A recent episode of Fieldsports TV was dedicated entirely to the views of the Scottish Gamekeeper’s Association Chairman, Alex Hogg, who, according to the programme’s presenter, wants buzzards back on the ‘vermin’ list. And there was me thinking we were in 2010, not 1910.
What justification does Alex use to support this Victorian attitude? “The biodiversity in Scotland is seriously being threatened by buzzards“. Presumably then, Alex doesn’t view buzzards as a fundamental component of biodiversity! I would argue that biodiversity in Scotland is seriously being threatened, but not by buzzards, nor any other predator for that matter, but by the actions of those gamekeepers who persecute raptors and also release millions of non-native gamebirds into the environment with little apparent consideration for the ecological impact of these birds.

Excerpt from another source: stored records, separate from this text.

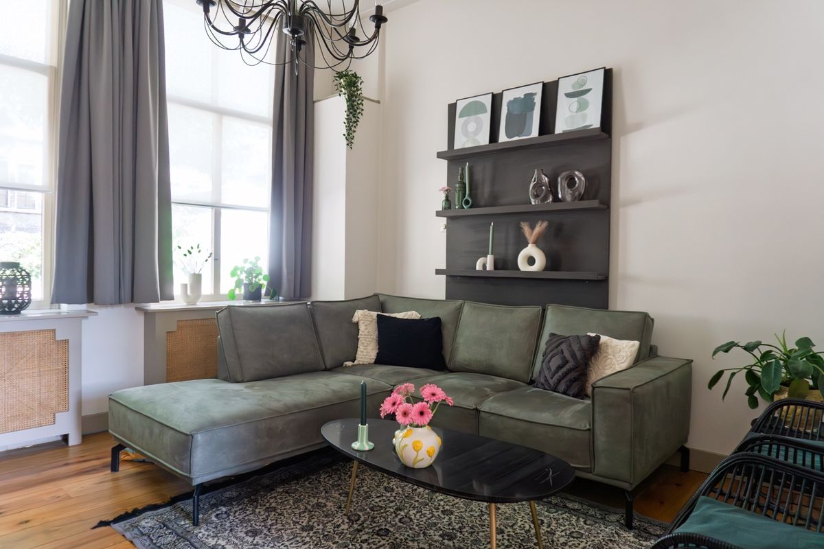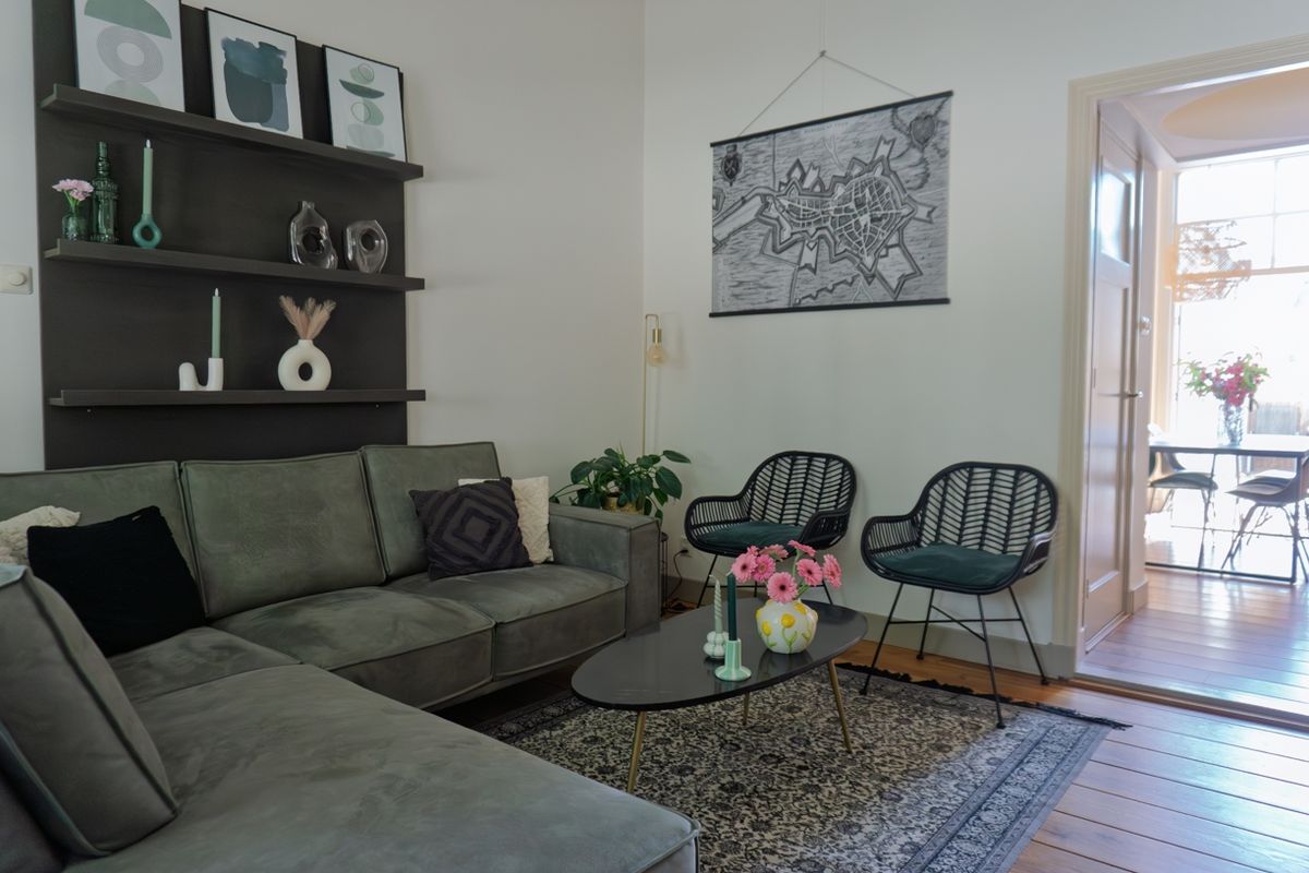 De woonkamer is verdeeld in een voorkamer en een achterkamer. Je komt de woonkamer binnen in de achterkamer. Hier bevinden zich tuindeuren die de verbinding maken met de typische stadstuin. In de overgang naar de voorkamer is in het plafond een, creatief bedachte, opening aanwezig waarin verlichting is aangebracht. Ook bevindt zich in de overgang een grote bergkast welke onder de trap doorloopt. De voorkamer is een gezellige ruimte waar een met marmer omklede schouw staat. De verwarming is netjes weggewerkt achter een koof. De woonkamer is afgewerkt met een houten vloer, en gestucte wanden en plafond.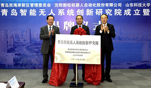 12月25日上午,由青島西海岸新區管委、沈陽新松機器人自動化股份有限公司、山東科技大學三方聯合共建的青島智能無人系統創新研究院成立揭牌儀式在青島市西海岸新區舉行。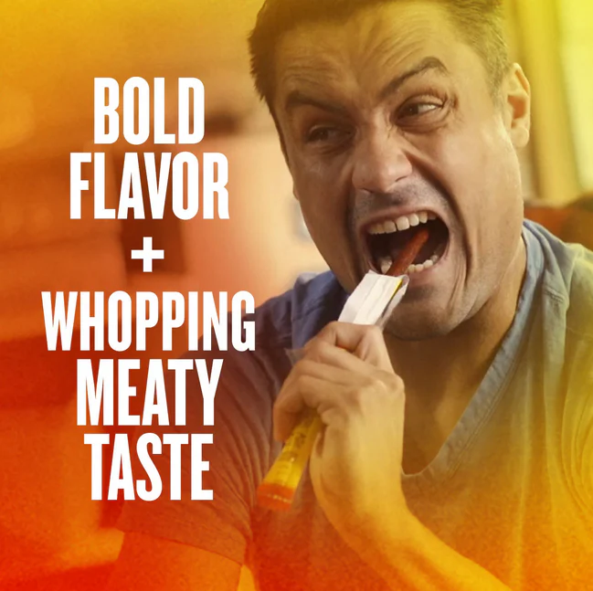 For a satisfying meaty snack, Slim Jim® Original (120 ct.) meat sticks are a spicy bold option. They have the protein to keep you full and powered through the afternoon and satisfy those cravings. Because they're made with real beef, chicken and pork, you can feel good about snacking on Slim Jim snack sticks or putting them in your kid's lunchbox. Satisfy your hunger with this 120-pack of classic Slim Jim beef sticks.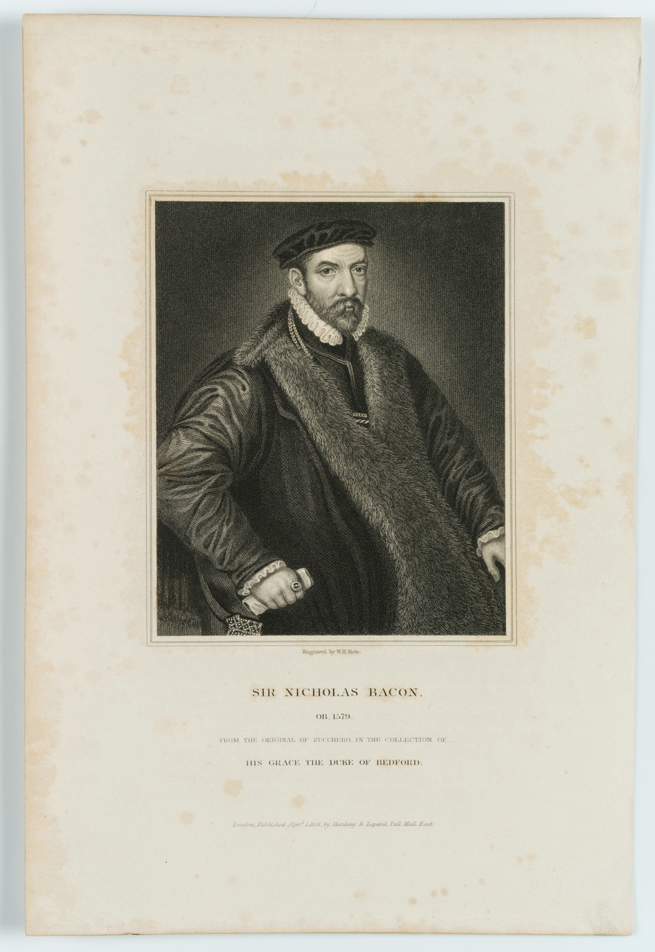 - Bezeichnung: Unten signiert und betitelt: “Sir Nicholas Bacon. OB. 1579. From the original of Zucchero. in the collection of His Grace The Duke of Bedford.”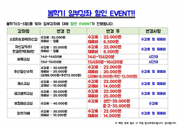 [¿î¿µ°ÁÂ] º½Çбâ¸ÂÀÌ ±³À°¹®ÈÇÁ·Î±×·¥ º¯°æ»çÇ× ¾Ë¸² (¼ö°·áÀÎÇÏ µî)
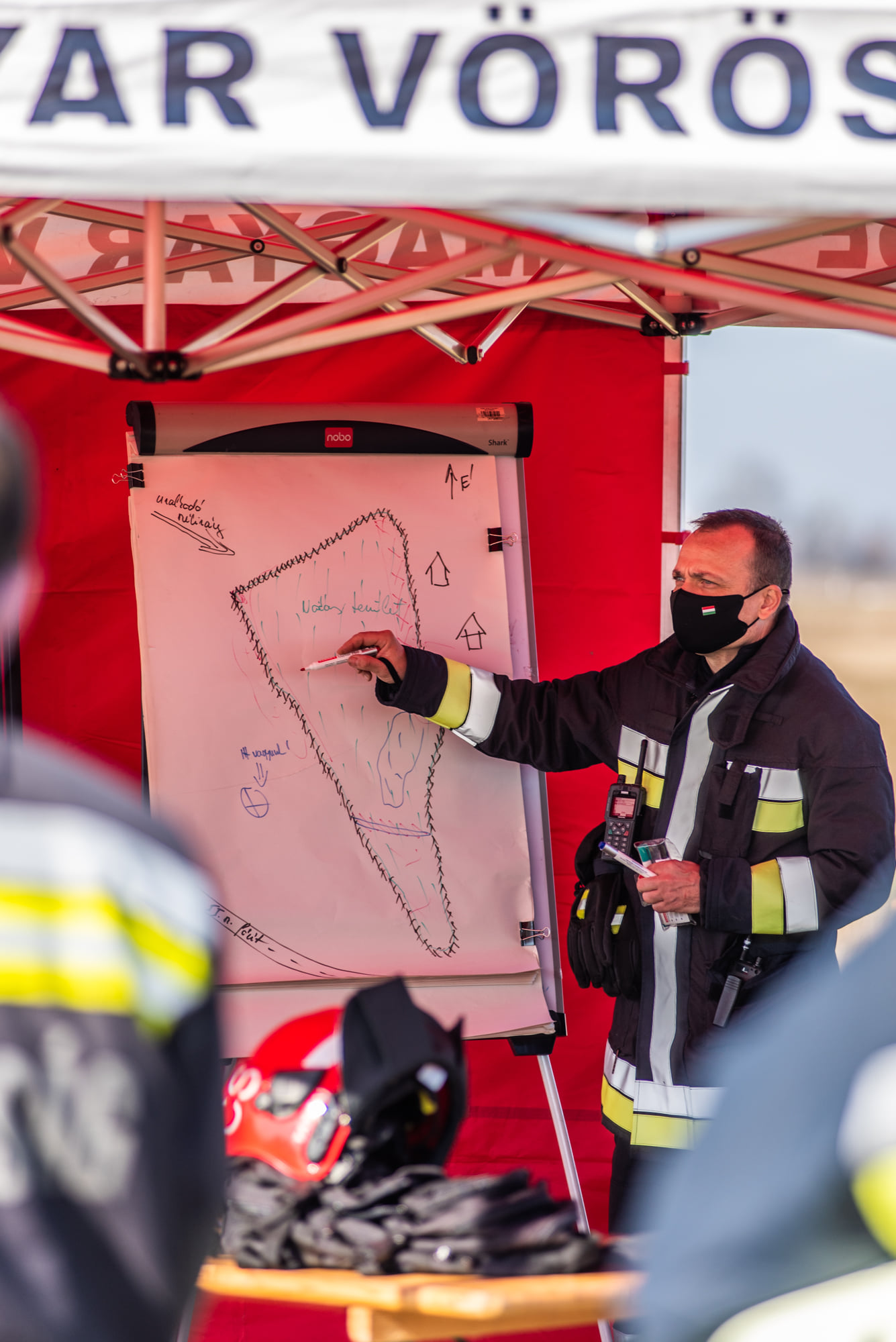 Mórahalom külterületén találkoztak hétfőn az ország tűzoltásvezetői. A nádassal borított, füves területen lebonyolított gyakorlat a koronavírus elleni védekezésre vonatkozó szabályok betartása mellett zajlott.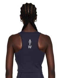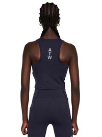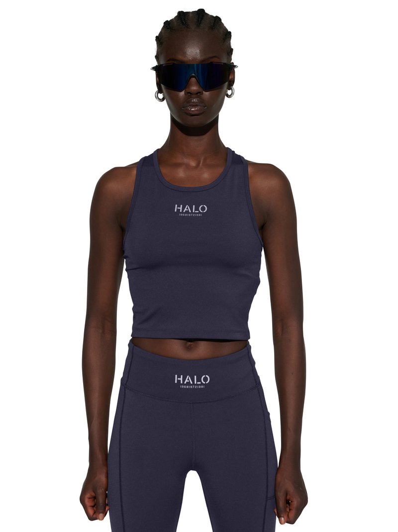 Frau trägt ein dunkles sportliches Crop-Top und Leggings mit dem "HALO"-Logo, große schwarze Sonnenbrille und silberne Creolen, steht vor weißem Hintergrund.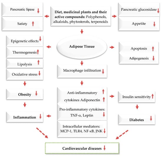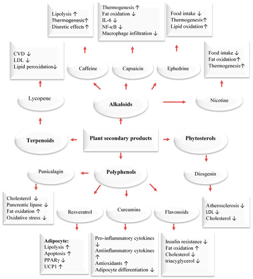 Major classes of plant secondary metabolites and their anti-obesity mechanisms [39]. Upwards: Activation; downwards arrows: Inhibition.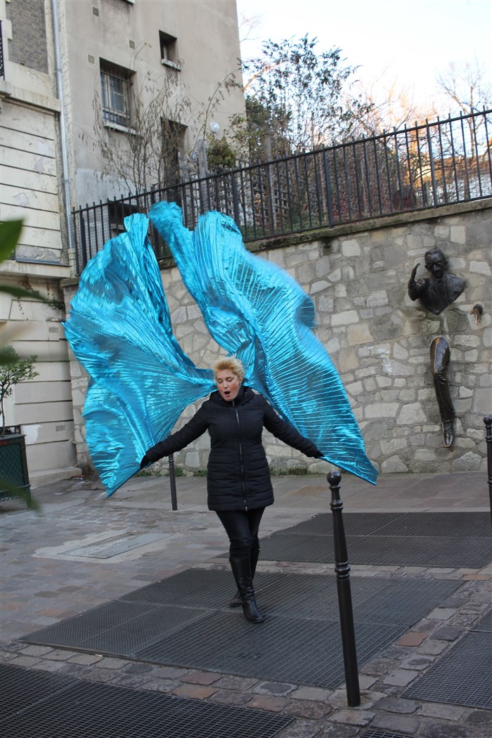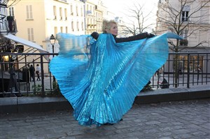 De son costume constitué d'une cape bleue, rouge ou dorée, l'artiste réalise la fameuse danse serpentine de Loie Fuller et déploie ses ailes comme une invitation à chacun de déployer les siennes.

In the revealing interview, Alex argues for the provision of government-endorsed licences to kill buzzards. He then realises that this view probably does not fit with the recent image he has been trying to portray of the gamekeeper, and that his view is probably going to be distasteful to the majority of the general public, so he modifies it by saying, “We don’t need a licence to kill that many – it’s just a few rogue buzzards“. Are these “few rogue buzzards” in addition to the many buzzards (and kites, eagles, harriers, peregrines, goshawks, sparrowhawks, owls) that continue to be illegally persecuted by gamekeepers across Scotland? And how many is “just a few“? In his recent application for a licence to kill buzzards on the estate where he works, he asked to kill 12. Let’s do a crude estimate here – let’s say there are approximately 400 sporting estates in Scotland, and each one wants to kill 12 buzzards a year – that would be a total of 4,800 buzzards killed per year. Hardly “a few“.